··· Excerpted records
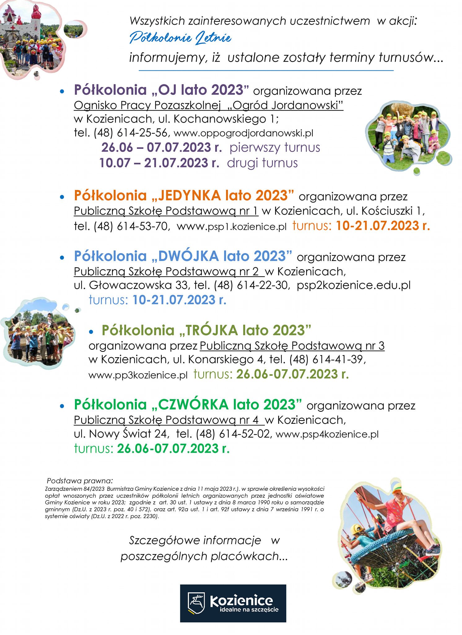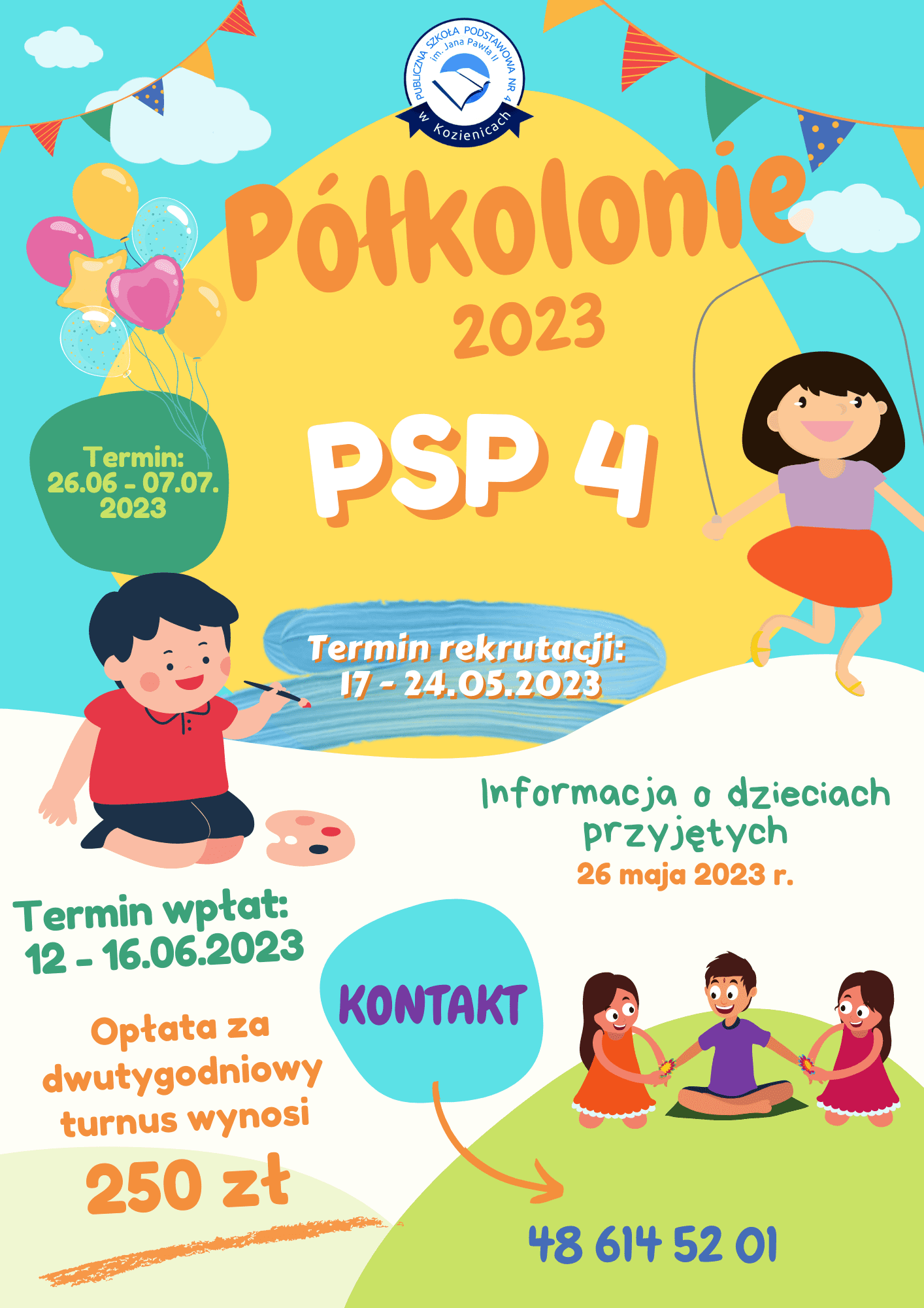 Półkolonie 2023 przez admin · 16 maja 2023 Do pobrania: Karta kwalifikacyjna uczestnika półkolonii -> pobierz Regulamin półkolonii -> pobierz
······
··· Excerpted records
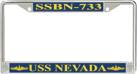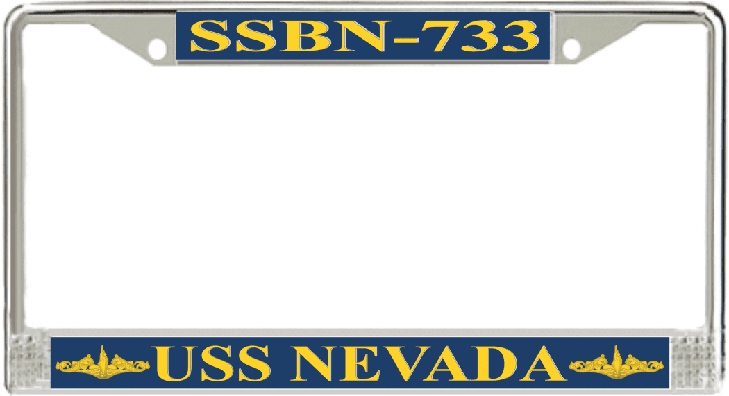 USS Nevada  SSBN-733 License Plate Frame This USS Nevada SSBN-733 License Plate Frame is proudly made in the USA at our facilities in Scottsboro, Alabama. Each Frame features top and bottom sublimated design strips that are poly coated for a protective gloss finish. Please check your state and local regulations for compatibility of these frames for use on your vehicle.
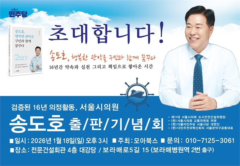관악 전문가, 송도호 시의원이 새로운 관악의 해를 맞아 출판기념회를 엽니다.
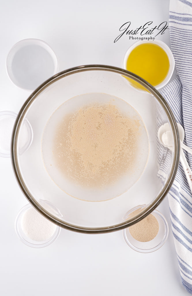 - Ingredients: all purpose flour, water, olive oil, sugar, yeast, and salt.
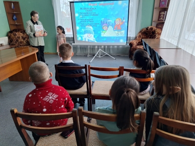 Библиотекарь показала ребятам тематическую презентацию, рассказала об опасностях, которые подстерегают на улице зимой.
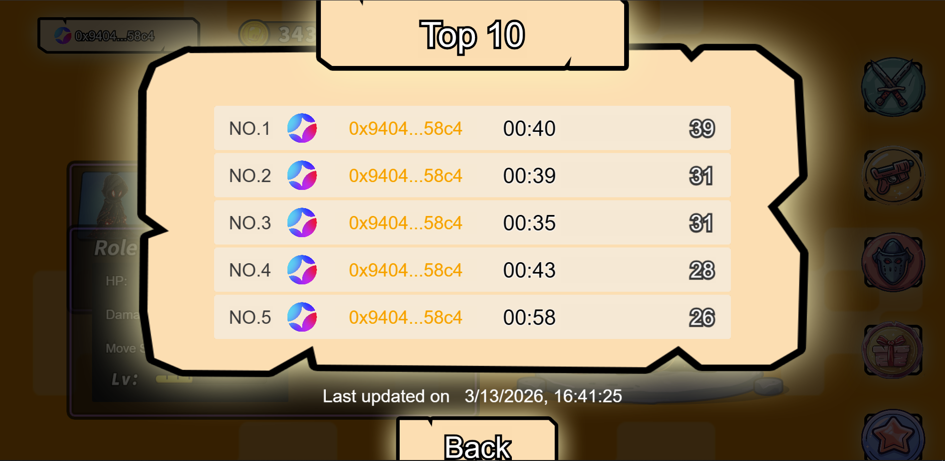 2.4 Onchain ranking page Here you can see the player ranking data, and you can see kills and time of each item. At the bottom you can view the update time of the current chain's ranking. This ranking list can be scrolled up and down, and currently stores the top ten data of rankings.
······
■ What is being asked: No picture is to be printed. Output exactly the lines above from the line containing "- Ingredients: all" through the line containing "2.4 Onchain ranking".

■ Task answer:
 - Ingredients: all purpose flour, water, olive oil, sugar, yeast, and salt.
 Библиотекарь показала ребятам тематическую презентацию, рассказала об опасностях, которые подстерегают на улице зимой.
 2.4 Onchain ranking page Here you can see the player ranking data, and you can see kills and time of each item. At the bottom you can view the update time of the current chain's ranking. This ranking list can be scrolled up and down, and currently stores the top ten data of rankings.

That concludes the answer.